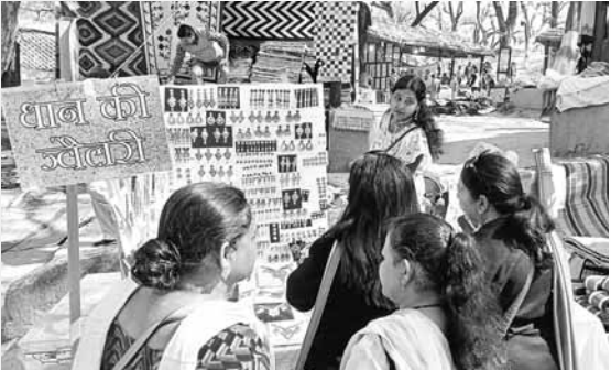
धान की ज्वैलरी के स्टॉल पर लगी भीड़।

कविता । फरीदाबाद आपने आज तक सोना, चांदी, हीरे और अन्य धातुओं से बने जेवरों के बारे में ही सुना होगा। लेकिन आपको यह जानकर हैरानी होगी कि धान से भी खूबसूरत जेवर बनाए जा सकते हैं। सूरजकुंड हस्तशिल्प मेले के स्टॉल नंबर 1072 से धान के जेवर आप खरीद सकते हैं। इस स्टॉल पर आपको 50 से 1000 रुपये तक की धान की ज्वैलरी मिल जाएगी।
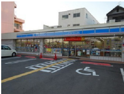
ローソン（太子橋1丁目店）
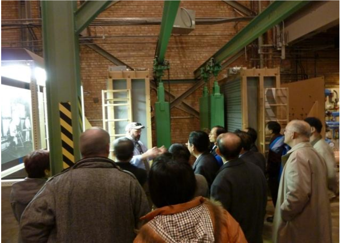
圖 3 我國代表團參觀一號實驗滋生反應器(EBR-1)
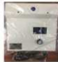
براقیت سنج (گلاس میتر)
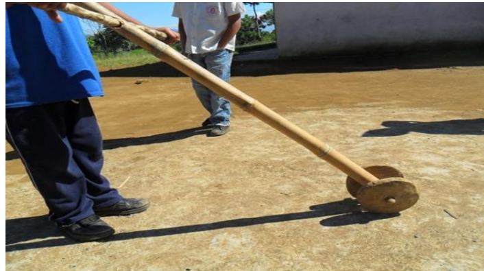
Figura 3 la carreta Fuente chepe, 2017

Los pasos para la construcción de la carreta son: 1. selección y consecución del trozo de madera; 2. Tallado de la madera para la rueda; 3. pulimiento y corte de los sobrantes de la madera. (Ver figura elaboración de la carreta).
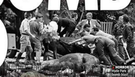
HORROR Hyde Park bomb blast
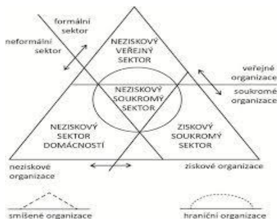
Schéma č. 1: Členění národního hospodářství podle Viktora A. Pestoffena 2

Švédský ekonom Viktor A. Pestoff použil pro znázornění rozdělení národního hospodářství plochu trojúhelníku a rozdělil hospodářství na čtyři sektory podle třech kritérií.
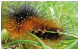
Housenka s agresivními chlupy
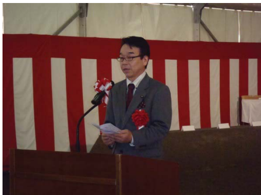
祝辞 宮城県議会 長谷川副議長 (議長代理)
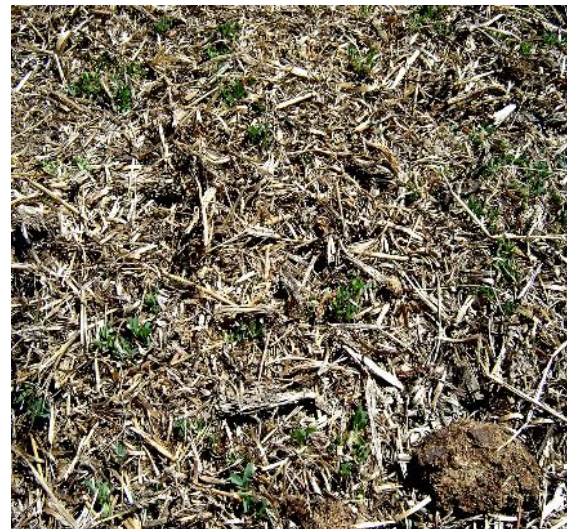
Fig. 18: Estiércol aplicado en cultivo de trébol rojo
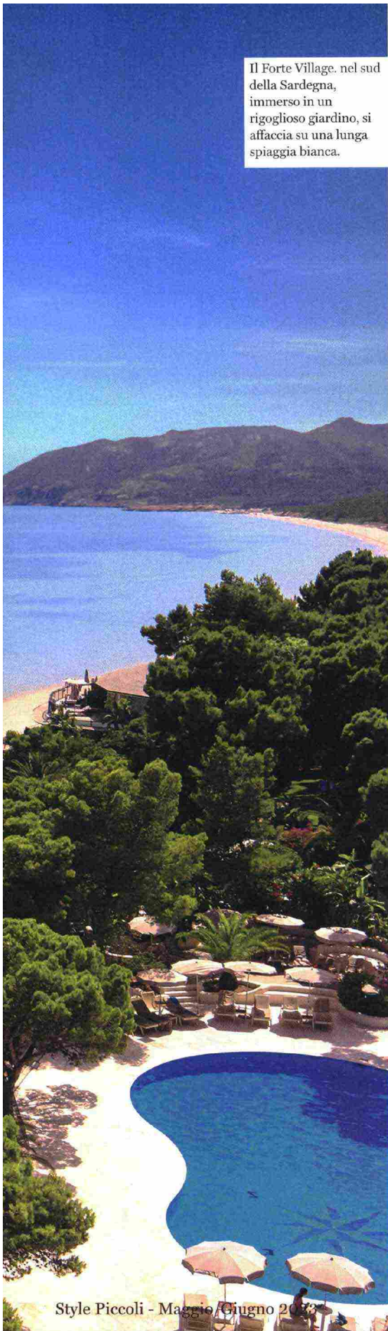
Style Piccoli - Maggio/Giugno 2023

Tuffi in piscina al Resort Le Cesine in Puglia. Qui sopra, il mare della Sardegna da esplorare in canoa al Delphina Valle dell'Erica e con bellissime passeggiate sulla lunga spiaggia di fronte al Chia Laguna.

### Task instructions
Retype exactly the lines from the line containing "圖 3 我國代表團參觀一號實驗滋生反應器(EBR-1)" through the end of the entries above, including both ends, and leave every picture out.

### Response to this task
圖 3 我國代表團參觀一號實驗滋生反應器(EBR-1)
براقیت سنج (گلاس میتر)
Figura 3 la carreta Fuente chepe, 2017

Los pasos para la construcción de la carreta son: 1. selección y consecución del trozo de madera; 2. Tallado de la madera para la rueda; 3. pulimiento y corte de los sobrantes de la madera. (Ver figura elaboración de la carreta).
HORROR Hyde Park bomb blast
Schéma č. 1: Členění národního hospodářství podle Viktora A. Pestoffena 2

Švédský ekonom Viktor A. Pestoff použil pro znázornění rozdělení národního hospodářství plochu trojúhelníku a rozdělil hospodářství na čtyři sektory podle třech kritérií.
Housenka s agresivními chlupy
祝辞 宮城県議会 長谷川副議長 (議長代理)
Fig. 18: Estiércol aplicado en cultivo de trébol rojo
Style Piccoli - Maggio/Giugno 2023

Tuffi in piscina al Resort Le Cesine in Puglia. Qui sopra, il mare della Sardegna da esplorare in canoa al Delphina Valle dell'Erica e con bellissime passeggiate sulla lunga spiaggia di fronte al Chia Laguna.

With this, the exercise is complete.